Oggi tutti sono consapevoli che l’energia rappresenta una necessità fondamentale del mondo moderno. Il caro energia incide direttamente sul bilancio delle famiglie e delle imprese. Stiamo vivendo un’economia segnata da tensioni geopolitiche e da una vera e propria economia di guerra, nella quale l’aumento dei costi energetici costituisce una delle conseguenze più evidenti.

L’Italia, come gran parte del mondo, ha bisogno di rafforzare la propria autonomia energetica. Per questo le fonti rinnovabili rappresentano una risorsa strategica, già disponibile sul nostro territorio. Alcune aree, per le loro caratteristiche naturali, sono particolarmente vocate alla produzione di energia eolica.

È il caso di Ariano Irpino, oggetti di un recente articolo sul Sole 24 Ore, dove è stato autorizzato un impianto costituito da sole tre pale eoliche, in un’area già fortemente antropizzata dalla presenza di cave e di una discarica, e dove la risorsa vento è abbondante. Eppure, anche in situazioni come questa, la sindrome del Nimby (“Not In My Back Yard”, non nel mio giardino) riesce spesso a condizionare le istituzioni e le amministrazioni, come dimostrano anche le recenti vicende elettorali locali.

Le energie rinnovabili, e in particolare l’eolico, contribuiscono a ridurre le emissioni climalteranti. I più recenti rapporti scientifici evidenziano l’aumento delle patologie respiratorie e della mortalità legate all’inquinamento atmosferico, così come il progressivo aggravarsi degli eventi meteorologici estremi, strettamente connessi al cambiamento climatico.

Se ciascuno di noi facesse la propria parte, invece di opporsi per interessi particolari, riconoscendo che la tutela dell’ambiente e la transizione energetica sono un bene comune, capace di superare ogni egoismo, potremmo costruire un futuro migliore.
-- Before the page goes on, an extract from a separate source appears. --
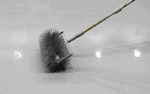 Der Wasserschaden hatte den Boden der 1140 Quadratmeter großen Aula so sehr zerstört, dass ein kompletter Rückbau bis auf den Rohbeton erforderlich war. Als Feuchtigkeitssperre grundierten die Handwerker des beauftragten Raumstudios Stern aus Tannhausen den gesäuberten Untergrund mit der lösemittelfreien, 2-komponentigen Epoxidharzgrundierung PCI Epoxigrund 390 im zweimaligen Auftrag. In den ersten Anstrich arbeiteten die Bodenleger die PCI Armiermatte GFS, eine Glasfaser-Verstärkung zur Überbrückung bestehender Risse, ein. Danach erfolgte der nochmalige Anstrich mit PCI Epoxigrund 390, der mit dem Universal-Vorstrich PCI VG 2 zwischengrundiert wurde.

Quella che possiamo definire una “Magnifica Umanità” nasce proprio dalla capacità di guardare oltre il proprio interesse immediato e di assumersi una responsabilità condivisa verso le generazioni presenti e future. Un mondo più giusto, più sostenibile e più sicuro dipende da tutti noi. Ognuno può fare la propria parte. Nessuno escluso.